Information provided:
===
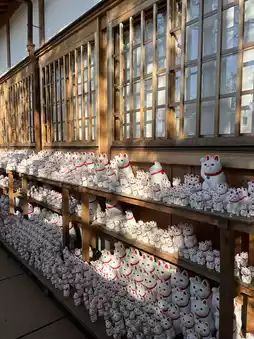 Features: Famous for the countless Maneki-neko statues scattered inside and outside the temple, commonly known as the "Cat Temple." It is an ancient temple of the Sōtō Zen sect and is said to be the birthplace of the Maneki-neko. The temple also houses the graves of the Ii family ancestors, including Ii Naosuke from the Edo period.
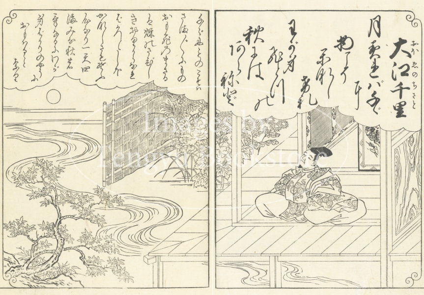 江戸前期から中期にかけて活躍した京都の絵師 西川祐信(にしかわ すけのぶ:1671-1750)による百人一首の絵本「花陽百人一首大成」からの一枚。
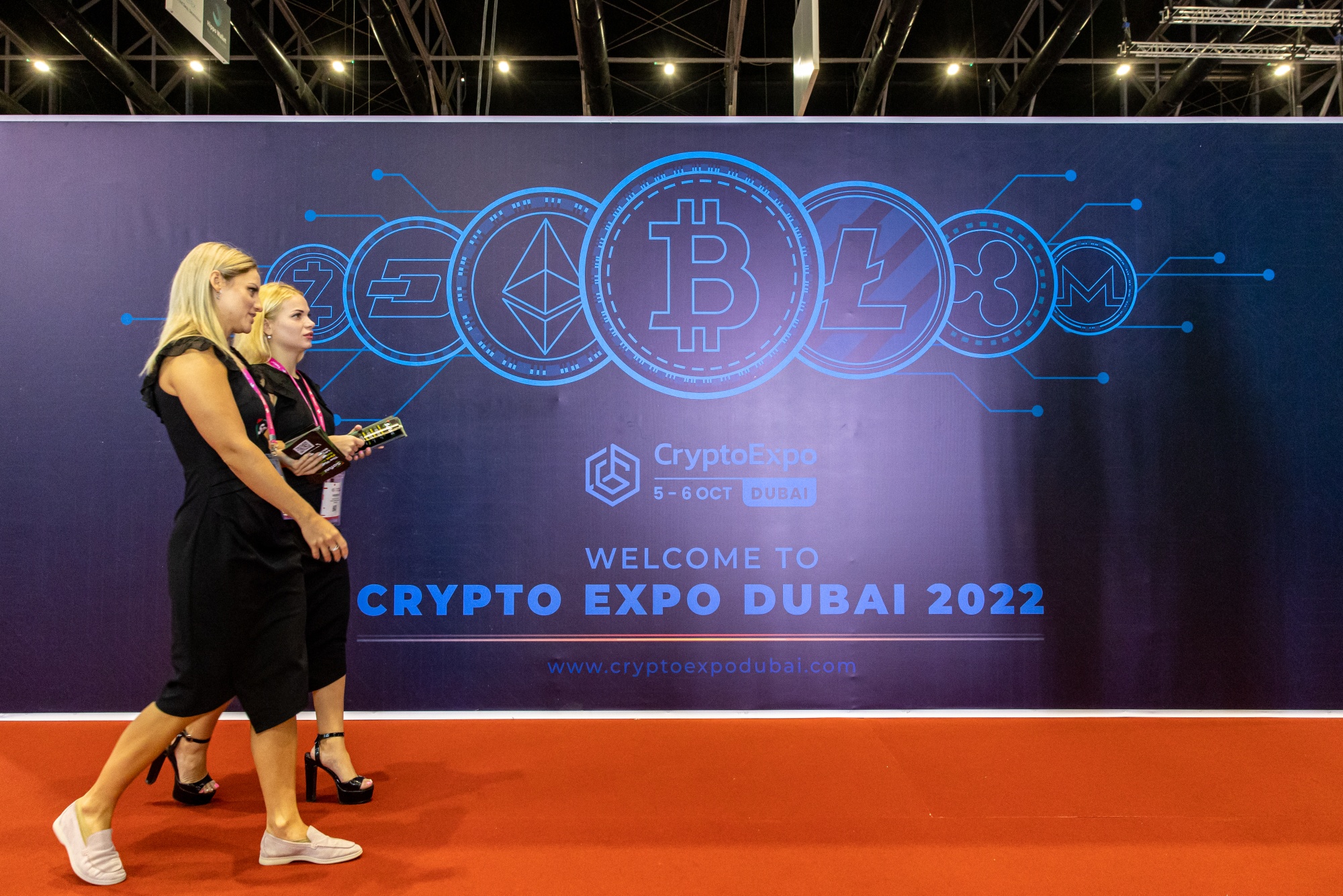 在迪拜加密货币博览会期间,活动牌上展示着加密货币的标志。摄影师:Christopher Pike/Bloomberg
===
With the images excluded, reproduce the data above precisely as written.

Response:
 Features: Famous for the countless Maneki-neko statues scattered inside and outside the temple, commonly known as the "Cat Temple." It is an ancient temple of the Sōtō Zen sect and is said to be the birthplace of the Maneki-neko. The temple also houses the graves of the Ii family ancestors, including Ii Naosuke from the Edo period.
 江戸前期から中期にかけて活躍した京都の絵師 西川祐信(にしかわ すけのぶ:1671-1750)による百人一首の絵本「花陽百人一首大成」からの一枚。
 在迪拜加密货币博览会期间,活动牌上展示着加密货币的标志。摄影师:Christopher Pike/Bloomberg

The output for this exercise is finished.